5. **Reusing Pools**:
- Once a pool is created for a tenant, subsequent requests from that tenant reuse the same pool, avoiding the overhead of creating new connections repeatedly.

## Benefits

### 1. **Efficient Connection Management**:
- The architecture ensures that connections to tenant databases are pooled and reused. Each tenant gets its own `PgPool`, and the pool is created only when needed, reducing overhead.

### 2. **Scalability**:
- By using `Arc` to share ownership and `Mutex` for thread-safe access, this system can scale across multiple threads, allowing safe concurrent requests to access and modify tenant pools.

### 3. **Optimized Resource Usage**:
- The architecture reduces the cost of frequently opening and closing database connections by keeping idle connections around for a specified amount of time (configurable using the `idle_timeout` setting).

### 4. **Isolation Between Tenants**:
- Each tenant’s database pool is isolated, ensuring that tenants don’t interfere with one another’s connections. This is crucial for maintaining security and data integrity in multi-tenant systems.

### 5. **Cache Management**:
- The `last_accessed` timestamp for each pool allows the system to track activity and potentially implement strategies like idle pool eviction or pool timeouts, further improving resource management.

## Documentation

For extra info you should really check out the `documentation/` directory.
I have left some resources that I think could bring even more insight.
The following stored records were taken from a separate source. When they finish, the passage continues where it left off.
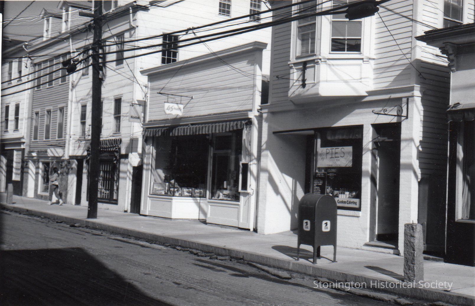 Black and white photograph postcard, looking north up Water Street (119 Water Street, 121 Water Street), storefronts for LaGrua's and Sugar and Spice are visible. Photograph by Maurice LaGrua.Collection
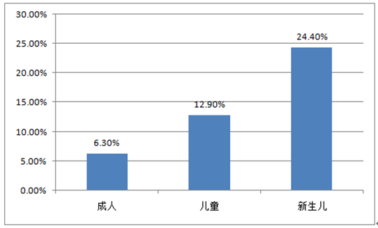 3、兒童不合理用藥高達(dá)12%-32%,對(duì)兒童的健康造成嚴(yán)重威脅,兒童藥物不良反應(yīng)率是成人的2倍,不良反應(yīng)發(fā)生率約12.9%,新生兒更高達(dá)24.4%。
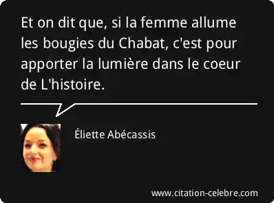 Et on dit que, si la femme allume les bougies du Chabat, c'est pour apporter la lumière dans le coeur de L'histoire.
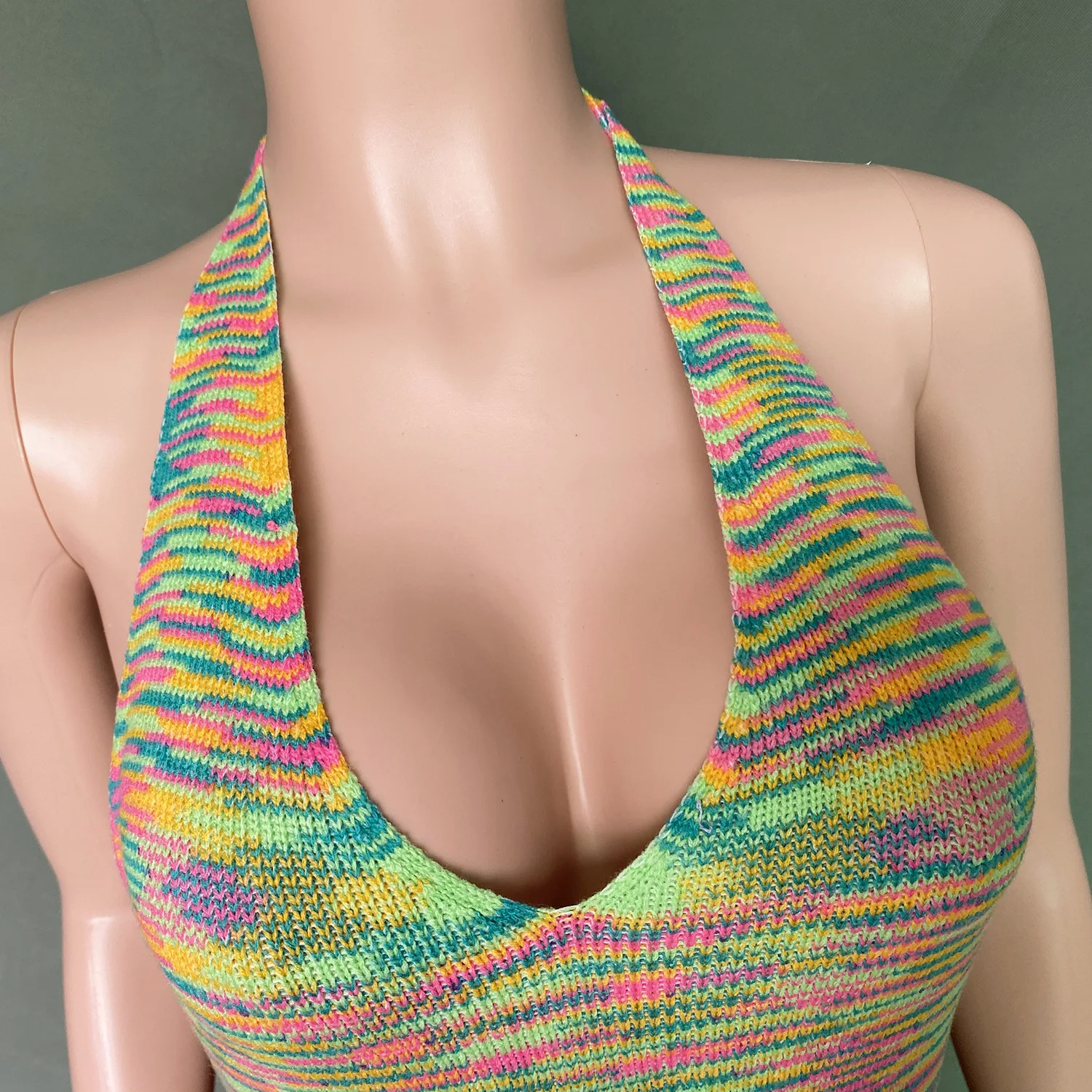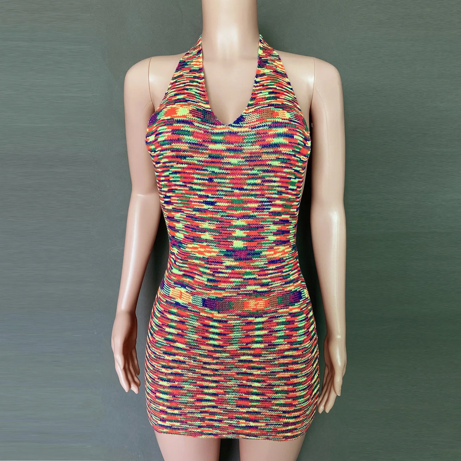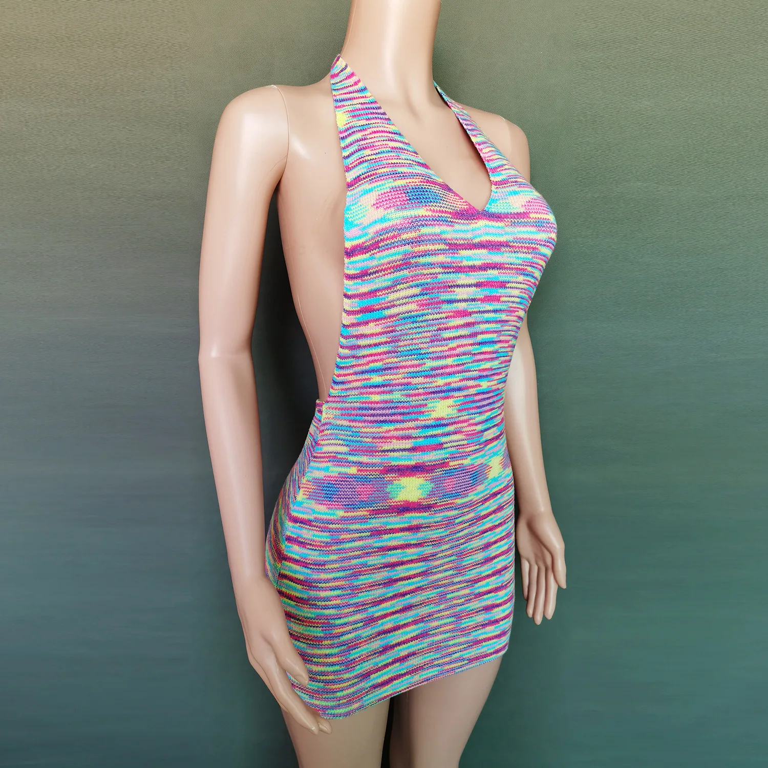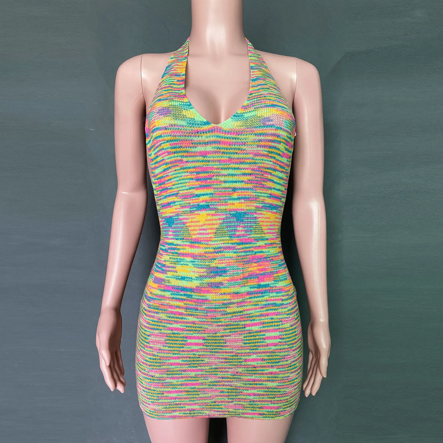 2023 Women's Bodycon dress holiday backless deep V sexy bag buttock colorful sweater knitted dress sexy dress

It is split in three main sections:
- Stress test results for custom and default pool settings: [stress test results](./documentation/stress_test)
- SQL migration steps with comments: [SQL docs](./documentation/sql)
- [Bruno](https://github.com/usebruno/bruno) API collections: [Bruno templates](./documentation/bruno)
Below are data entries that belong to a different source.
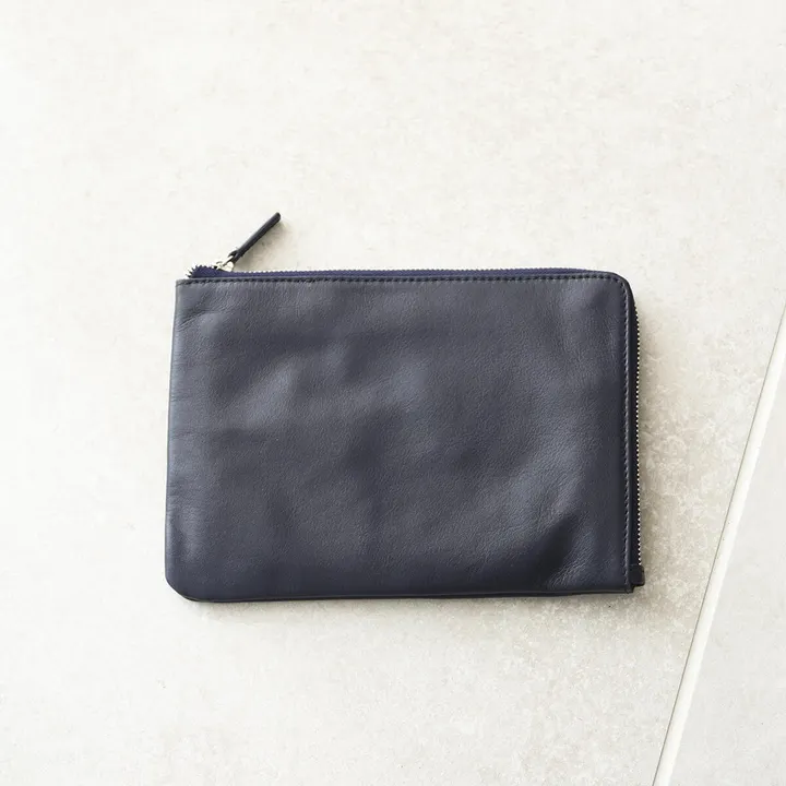 【見やすいL字ファスナー】本革 ポーチ 小物入れ ブランド クラッチバッグ / PB1 ダークネイビー
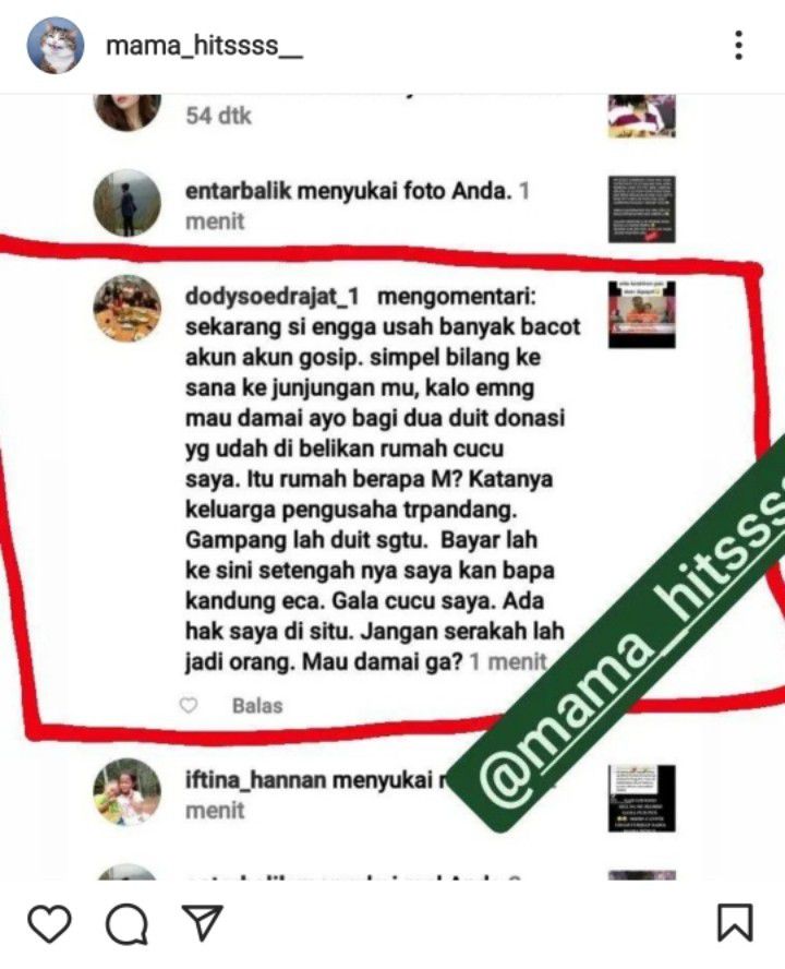 “Dulu duitnya dilaporin ke KEMENSOS, sekarang ribut bagi dua. Inget pak, itu uang donasi untuk Gala, bukan warisan bawaan dari VA. Mau uang banyak? Metong aja pak, nanti dapat uang ta'ziah dari orang-orang. Demi Allah kesel gue!!!!,” timpal netizen lainnya.
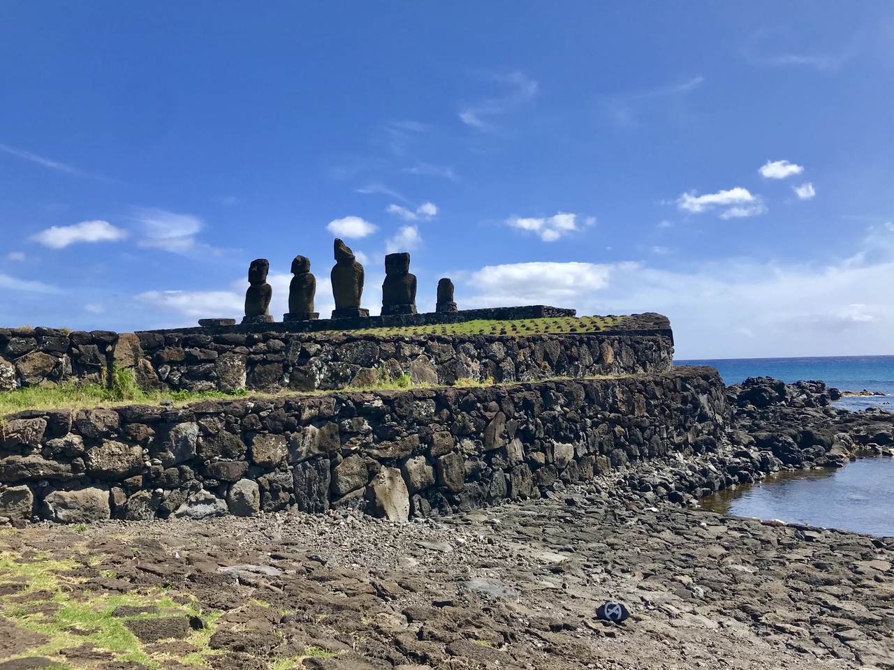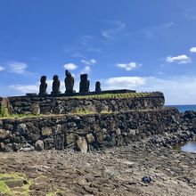 タハイ儀式村には、大きく分けて三種のモアイが立っていますが、この「アフ・バイ・ウリ(Ahu Vai Uri)」は5体並んでいます。
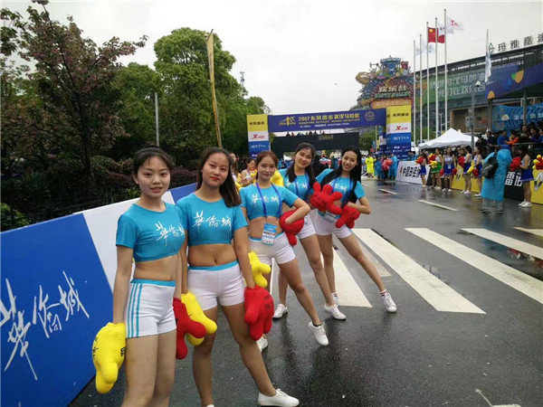 除了志愿者队伍,7003全讯白菜网啦啦队也在武汉马拉松啦啦队选拔赛50多支参赛队伍中脱颖而出,成为助阵汉马的8支官方拉拉队之一。4月9日一大早该校10名啦啦队员就来到也在“汉马”终点欢乐谷华侨城为冲刺选手呐喊助威。姑娘们衣着单薄但不惧风雨,从9点43分第一位选手冲刺终点,直到下午,虽雨势渐大,她们仍披着单薄的雨衣,迎接每一位跑完全程的选手。
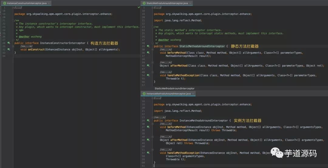 org.skywalking.apm.agent.core.plugin.interceptor.enhance.StaticMethodsInter 和 org.skywalking.apm.agent.core.plugin.interceptor.enhance.StaticMethodsInterWithOverrideArgs和实例方法 Inter基本一致,胖友可以自己捋一捋,笔者就不瞎比比了。
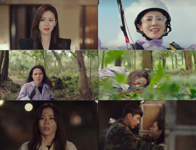 '사랑의 불시착'은 14일 첫 회부터 속도감 있는 전개를 자랑했다. 패러글라이딩 사고가 벌어지며 북한에 불시착한 윤세리(손예진 분)가 감찰 나온 리정혁(현빈 분)을 만나 긴박한 활주극을 벌이는 강렬한 첫 만남을 그렸다.
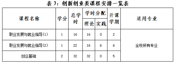 创新创业类课程包括《创业基础》《职业发展与就业指导》。全校各专业在第二和第六学期开设《职业发展与就业指导》课程,共38学时,计2学分;第5学期开设《创业基础》课程,共32学时,计2学分。
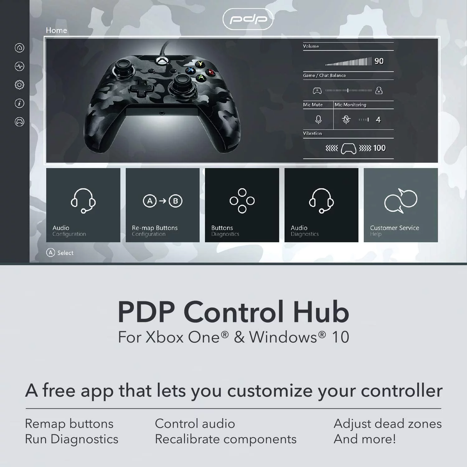 Drôtový ovládač PDP je kompatibilný s konzolami Xbox One, Xbox One X a Xbox One S a tiež ho pripojíte k počítaču s Windows 10. Potvrdená je aj kompatibilita s Xbox Series X. Elegantný dizajn s protišmykovým úchytom zaistí skvelé hranie, rovnako ako vibrácie a ovládanie hlasitosti 3,5 mm audio jack výstupu priamo na ovládači. Kábel je odpojiteľný. Ďalej ponúka dve programovateľné tlačidlá na zadnej strane ovládača a aplikáciu pre Windows, v ktorej možno premapovať jednotlivé tlačidlá.

### Stress test result example

#### Result format (jmx output) [512GB_1vCPU_250_CT_summary](./documentation/stress_test/default_pool_options/512GB_1vCPU_250_CT_summary.csv):

| Label | # Samples | Average | Min | Max | Std. Dev. | Error % | Throughput | Received KB/sec | Sent KB/sec | Avg. Bytes |
|--------------------------|-----------|---------|-----|------|-----------|---------|------------|----------------|-------------|------------|
| Thread Group:HTTP Request | 5000 | 828 | 83 | 3326 | 604.89 | 0.000% | 98.33035 | 260.61 | 25.45 | 2714.0 |
| TOTAL | 5000 | 828 | 83 | 3326 | 604.89 | 0.000% | 98.33035 | 260.61 | 25.45 | 2714.0 |

#### Result graph - Resource Utilization vs Load (1vCPU, 512MB RAM) - Default Pool:
Resource Utilization vs Load (1vCPU, 512MB RAM) - Default Pool

## Usage

### Prerequisites
- Rust
- PostgreSQL
- SQLx with PostgreSQL feature

### Setting up the Project

1. Clone the repository:
```bash
git clone
```
2. Configure your own PostgreSQL connection settings for your tenants.
Look for .env and enable it accordingly.

3. Seed your `tenants` table accordingly (see `/sql` directory)
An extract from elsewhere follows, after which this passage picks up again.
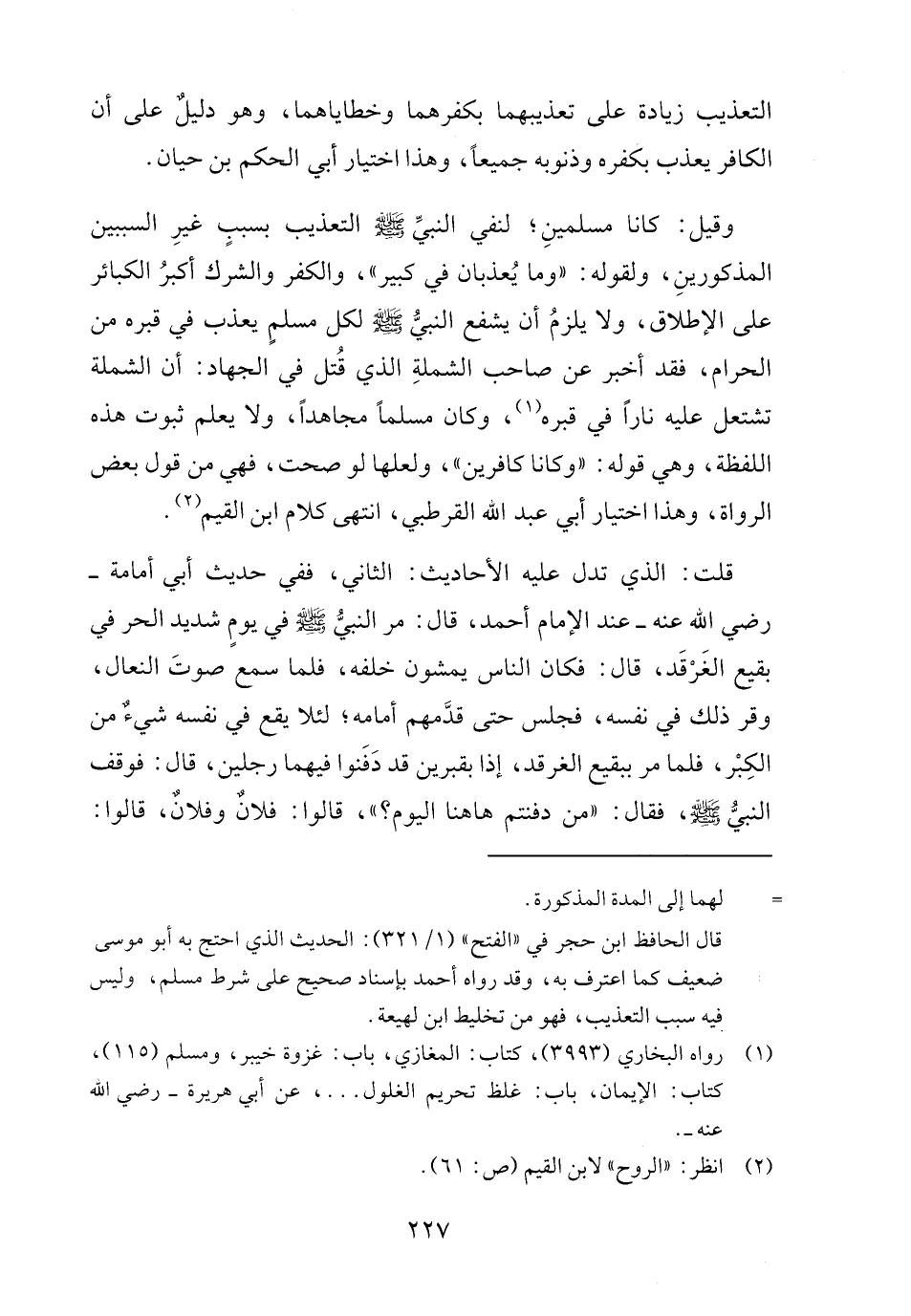 وقيل: كانا مسلمينِ؛ لنفي النبيِّ - صلى الله عليه وسلم - التعذيب بسببٍ غيرِ السببين المذكورينِ، ولقوله: "وما يُعذبان في كبير"، والكفر والشرك أكبرُ الكبائر على الإطلاق، ولا يلزمُ أن يشفع النبيُّ - صلى الله عليه وسلم - لكل مسلمٍ يعذب في قبره من الحرام، فقد أخبر عن صاحب الشملةِ الذي قُتل في الجهاد: أن الشملة تشتعل عليه ناراً في قبره (١)، وكان مسلماً مجاهداً، ولا يعلم ثبوت هذه اللفظة، وهي قوله: "وكانا كافرين"، ولعلها لو صحت، فهي من قول بعض الرواة، وهذا اختيار أبي عبد الله القرطبي، انتهى كلام ابن القيم (٢).

4. Making tenant specific requests

- `POST` request to create a user for a specific tenant:
```bash
curl -X POST https://localhost:8080/v1/internal/users \
-H "x-tenant-id: 1b7db059-91bc-42d6-9d0e-93ca03d644a8" \
-H "Content-Type: application/json" \
-d '{
"name": "John Doe",
}'
```

- `GET` request to retrieve users of a specific tenant:
```bash
curl -X GET https://localhost:8080/v1/internal/users \
-H "x-tenant-id: 1b7db059-91bc-42d6-9d0e-93ca03d644a8"
```
Be sure to add an existing and correct tenant unique identifier in the headers (must be UUID v4)

## Disclaimer

This should be considered a starting point or a good conversation starter.
It is missing many important items such as a proper build pipeline, telemetry and security aspects such as a secret vault for storing database connection credentials or a rotating encryption key, etc.
Please be sure to upgrade your security posture.